Let $$f(x) = \begin{cases} x^2\sin\frac{1}{x}; & x \neq 0 \\ 0; & x = 0 \end{cases}$$, then at $$x = 0$$

We need to analyze the continuity and differentiability of $$f(x) = \begin{cases} x^2\sin\frac{1}{x}, & x \neq 0 \\ 0, & x = 0 \end{cases}$$.

We start by examining the continuity of $$f$$ at $$x = 0$$.

$$\lim_{x \to 0} x^2\sin\frac{1}{x} = 0$$ (since $$|x^2\sin(1/x)| \leq x^2 \to 0$$).

This equals $$f(0) = 0$$, so $$f$$ is continuous at $$x = 0$$.

Next, we consider the differentiability of $$f$$ at $$x = 0$$.
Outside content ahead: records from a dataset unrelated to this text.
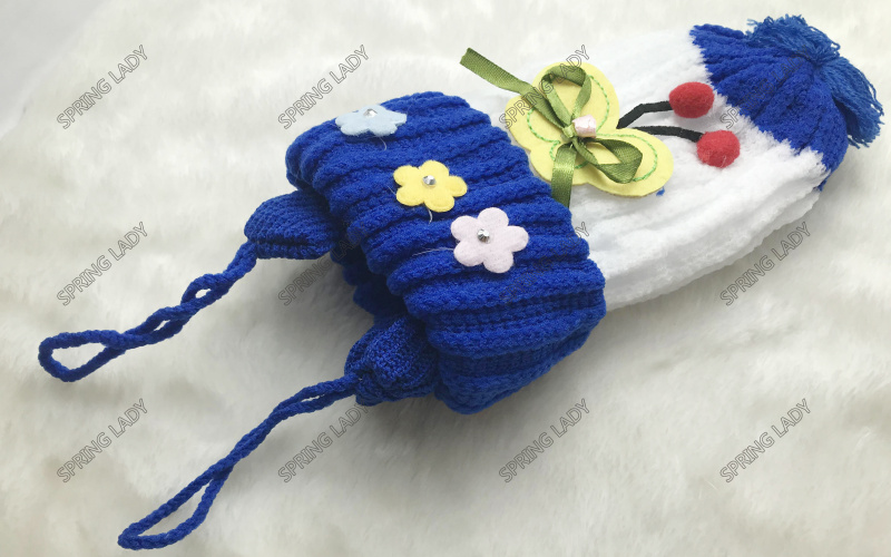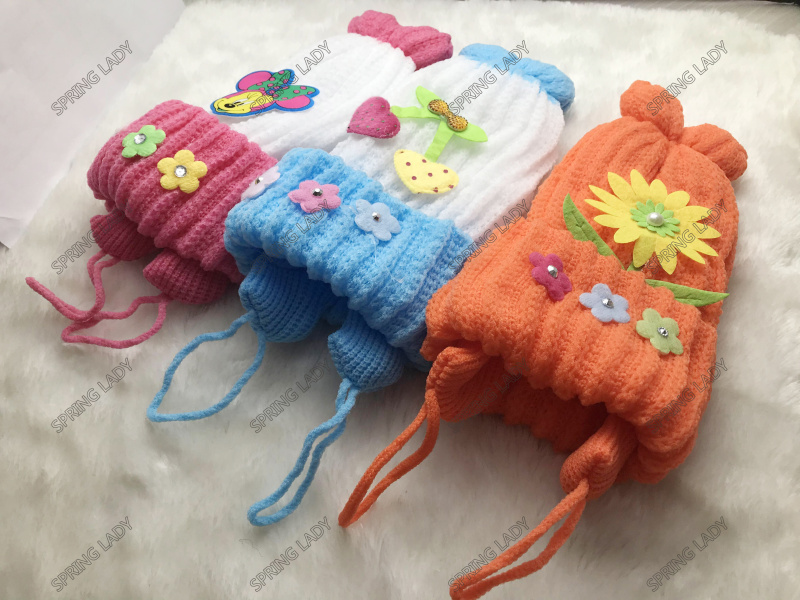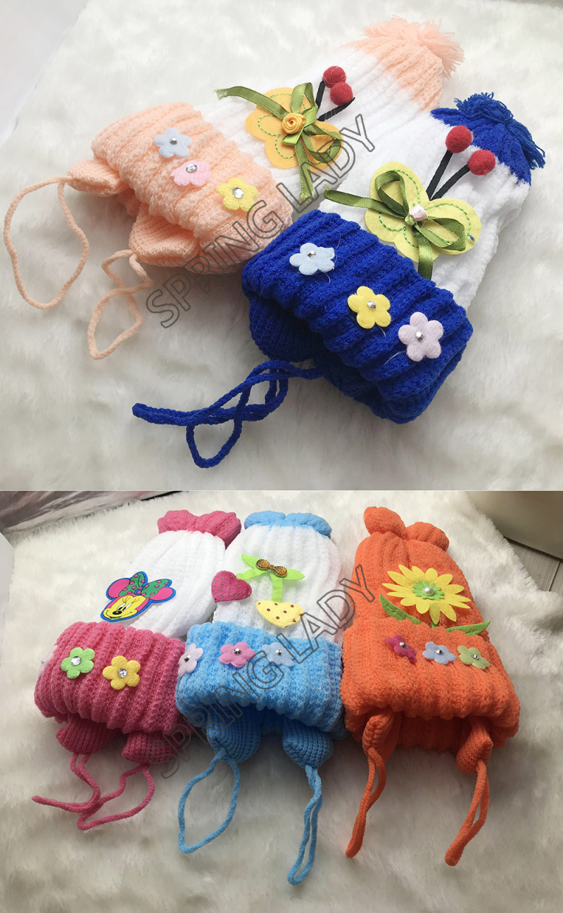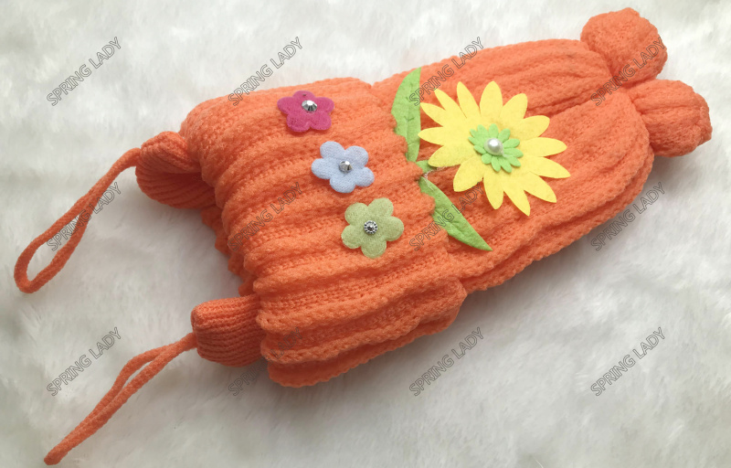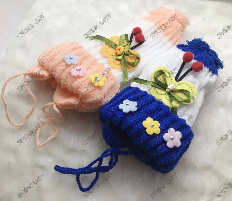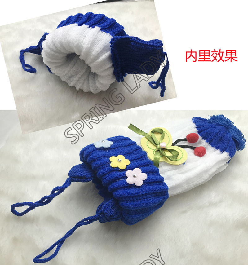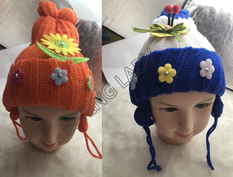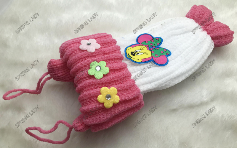 Spring Lady冬季加绒加厚三朵花儿童帽宝宝潮保暖护耳帽儿童帽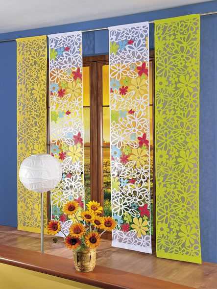 Полотна прекрасно гармонируют почти во всех помещениях. Их применяют в домах и квартирах. Ими декорируют окна в офисах, гостиницах, кафе и ресторанах. Также изделиями украшаются дверные проемы и стены.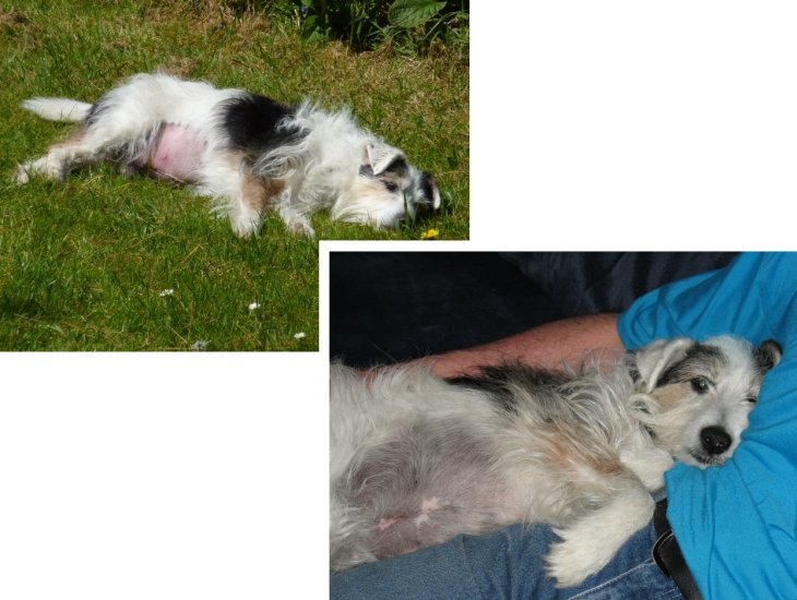 Operation and illness: One day in May we gave Bob a bone. Nothing new there - he has had them since he was a puppy and he normally chews the remaining meat and then goes and buries the bone (for Anne to find and throw away months later). However, this time he crunched up and ate the bone too. As it transpires that shouldn’t have been too bad in itself, as he had chewed it into passable sized pieces. Unfortunately, when he had his evening meal a few hours later he ate it so quickly that it packed the remaining pieces of bone to the back of his stomach and compacted them together into one solid lump.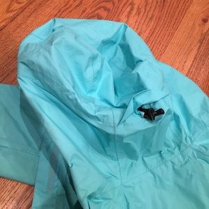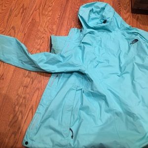 North face rain jacket perfect condition brand new turquoise color pockets on the inside and outside also pockets on the sleeves adjustable sleeves and adjustable hoodie and adjustable waste band. Medium size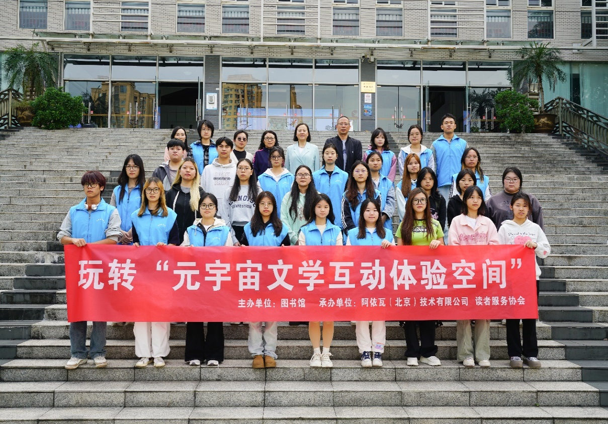 为大力营造爱读书、读好书、善读书的良好氛围,引导读者提高阅读兴趣、养成阅读习惯、提高阅读能力,图书馆联合阿依瓦(北京)技术有限公司于10月22日、10月29日举办了2场读者玩转“元宇宙文学互动体验空间”活动。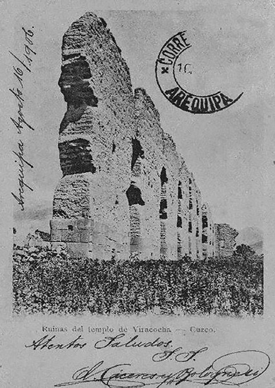 Muro incaico en Rajchi (Templo de Wiracocha). Postal ilustrada remitida desde Arequipa en agosto de 1906. Editada por Max T. Vargas (atribuido).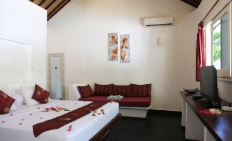 За свои деньги - это топ! Две виллы не новые, но просторные и чистые. До пляжа с черепашками 40 метров от номера. Черепах и других рыб полным полно! Обслуживание и в номере, и на пляже (где почти никого нет), и у бассейна (в котором кроме вас никого нет) отличное. Неплохая кухня с претензией на итальянскую. Кокосы, фреш на выбор, вода, хорошее вино. Паста точно как в Италии! Очень дружелюбный персонал! Отлично для заезда двум парам! Можно и с детьми. Расположен в 20 мин хоть бы от центра (пристани). Поэтому нет толпы и суеты.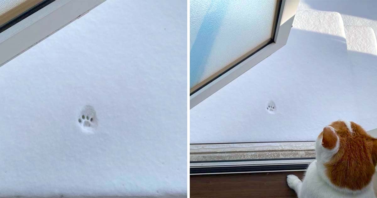 試一步就放棄了 萌貓「雪地小腳印」逗樂百萬網友:太冷不宜出門~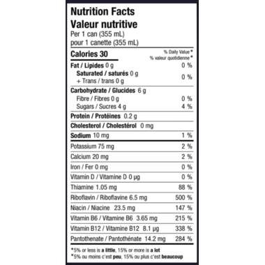 Filtered water, Organic cherry juice concentrate, Organic raw cane sugar, Organic raspberry juice concentrate, Organic red beet extract, Citric acid, Organic hops extract, Organic echinacea extract, Green tea extract, Vitamin blend [thiamine HCL (vitamin B1), riboflavin (vitamin B2), niacin, pantothenic acid, pyridoxine hydrochloride (vitamin B6), cyanocobalamin (vitamin B12)], Potassium citrate, Organic licorice root extract, Organic stevia, Organic cacao extract, Natural flavour. Dairy, Egg, Mustard, Peanuts, Seafood, Sesame, Soy, Sulfites, Tree Nuts, Wheat Gluten

$$f'(0) = \lim_{h \to 0} \frac{f(h) - f(0)}{h} = \lim_{h \to 0} \frac{h^2\sin(1/h)}{h} = \lim_{h \to 0} h\sin\frac{1}{h} = 0$$.

Therefore, $$f$$ is differentiable at $$x = 0$$ with $$f'(0) = 0$$.
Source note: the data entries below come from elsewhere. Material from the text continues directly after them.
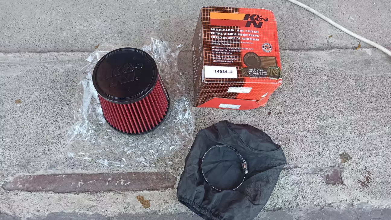 Після капітального ремонту двигуна обкатку проходив на новому фільтрі паперовому від Хонди, да, япошка, але то так треба було... Далі хотілось щось компактне і в той же час візуально симпатичне... Купив у хлопців з JDM_garage фільтр нульового опору K&N... а мій друг Макс підігнав на нього захисний чохол.... Тому у мене був такий комплект...
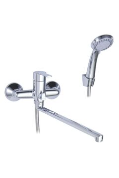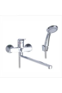 Гарантия: 5 лет Картридж с керамическими дисками. Материал: латунь Однорычажный смеситель с длинным изливом 35 см для удобного пользования ванной и душем. Простой монтаж, долговечность, универсальное применение.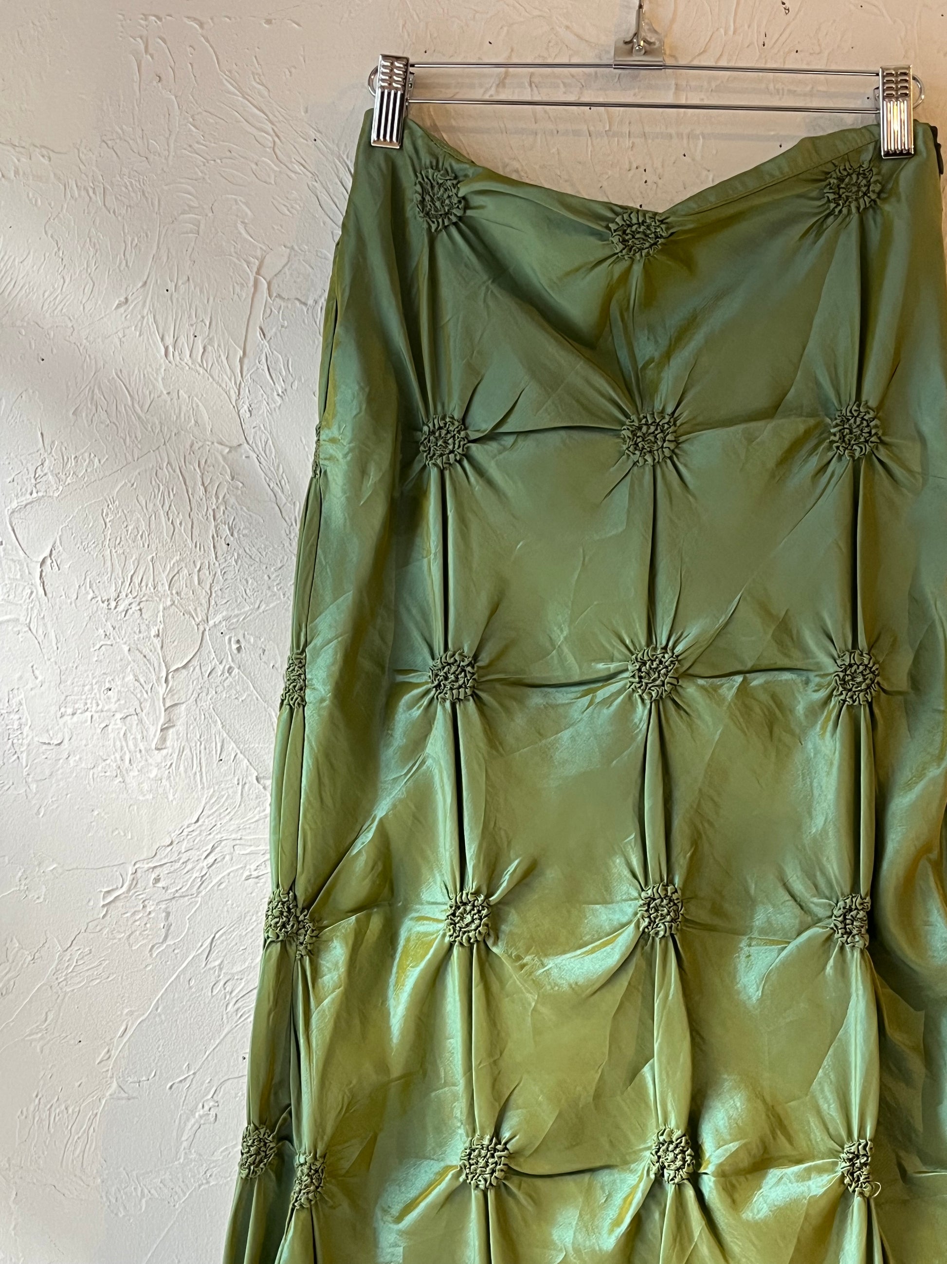 90s Shiny Green Scrunch Skirt / Small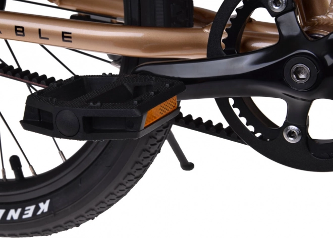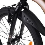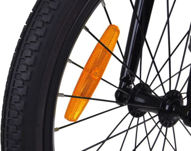 Pre bezpečnú jazdu bicykel používa V-brzdy s detskými pákami, oranžové bowdeny pre lepší prehľad o ovládaní a reflektory vpredu, vzadu aj v kolesách pre vyššiu viditeľnosť. Dvojito zosilnené ráfiky, náboje s ložiskami a plášte KENDA 18 × 1.75 sa postarajú o istý záber a pohodlie na rôznych povrchoch. Súčasťou je aj praktický stojan, blatníky a zvonček.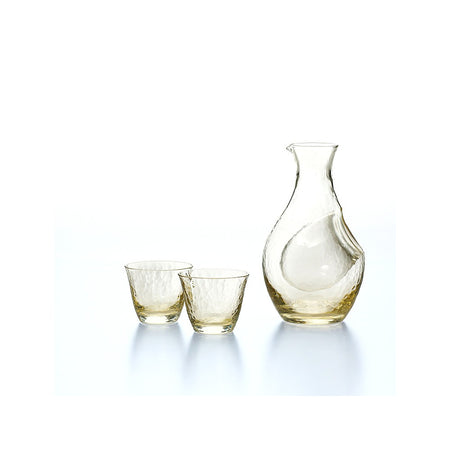 - 3-piece sake set: 1 tokkuri with ice pocket + 2 sake cups, Takasegawa amber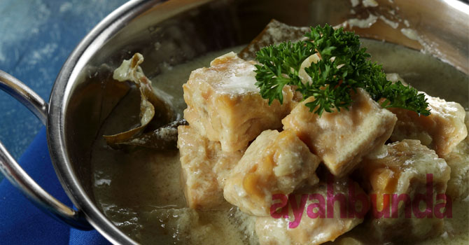 2. Tambahkan tempe, kentang, dan garam. Aduk rata. Tambahkan santan, masak sampai seluruhnya matang. Angkat.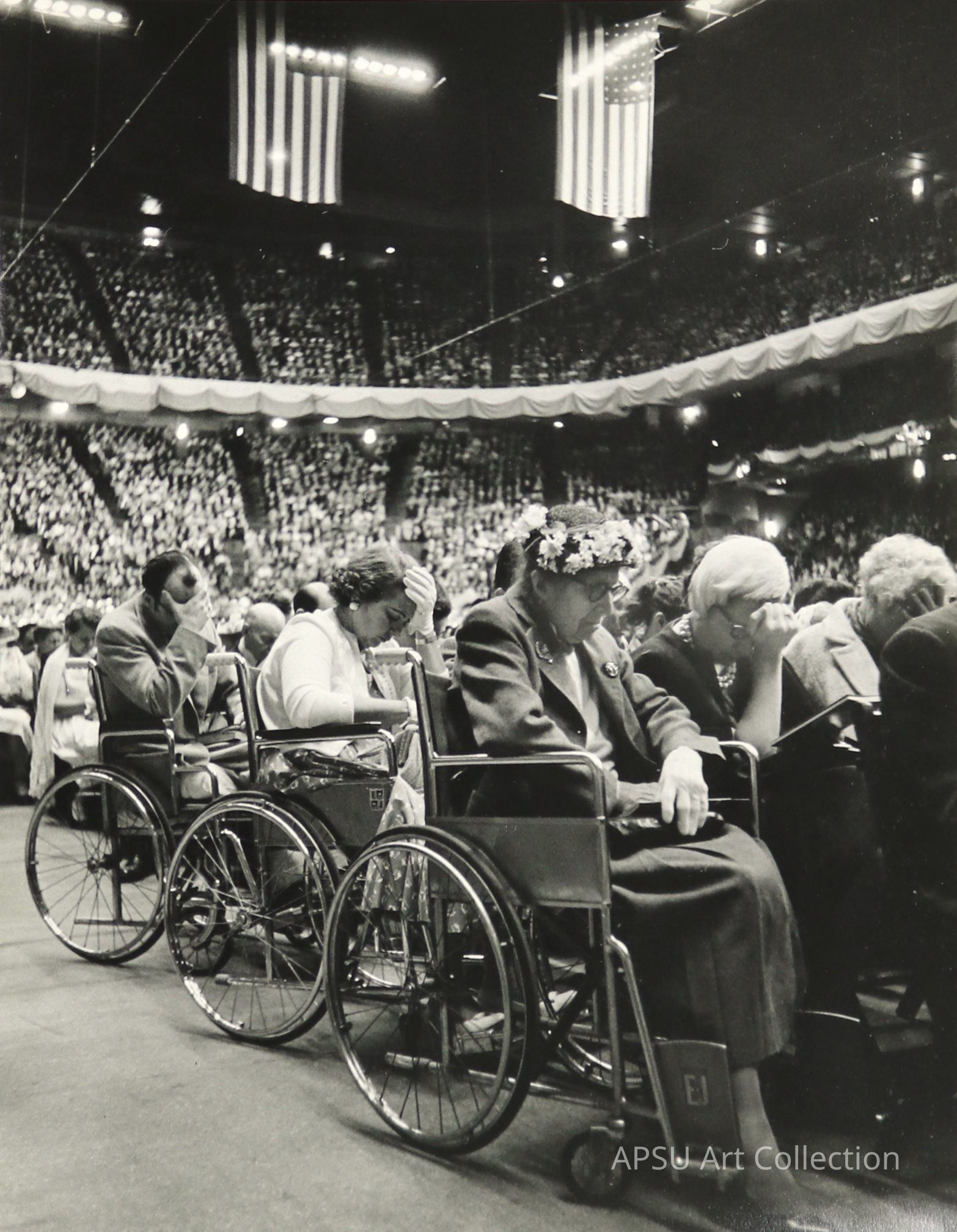 Gelatin Silver Print photograph of the elderly in wheelchairs sitting in the front of a crowded Madison Square Garden. There are two American flags hanging from the ceiling.Collection

Then, we check the continuity of the derivative $$f'$$ at $$x = 0$$.

For $$x \neq 0$$, $$f'(x) = 2x\sin\frac{1}{x} + x^2 \cdot \cos\frac{1}{x} \cdot \left(-\frac{1}{x^2}\right) = 2x\sin\frac{1}{x} - \cos\frac{1}{x}$$.

We look at the limit:

$$\lim_{x \to 0} f'(x) = \lim_{x \to 0}\left(2x\sin\frac{1}{x} - \cos\frac{1}{x}\right)$$.

The first term tends to 0, but $$\cos(1/x)$$ oscillates between $$-1$$ and $$1$$ as $$x \to 0$$, so this limit does not exist.

Hence, the derivative $$f'$$ is not continuous at $$x = 0$$.

In conclusion, $$f$$ is continuous and differentiable at $$x = 0$$, but $$f'$$ is not continuous there. The correct choice is Option 2: $$f$$ is continuous but $$f'$$ is not continuous.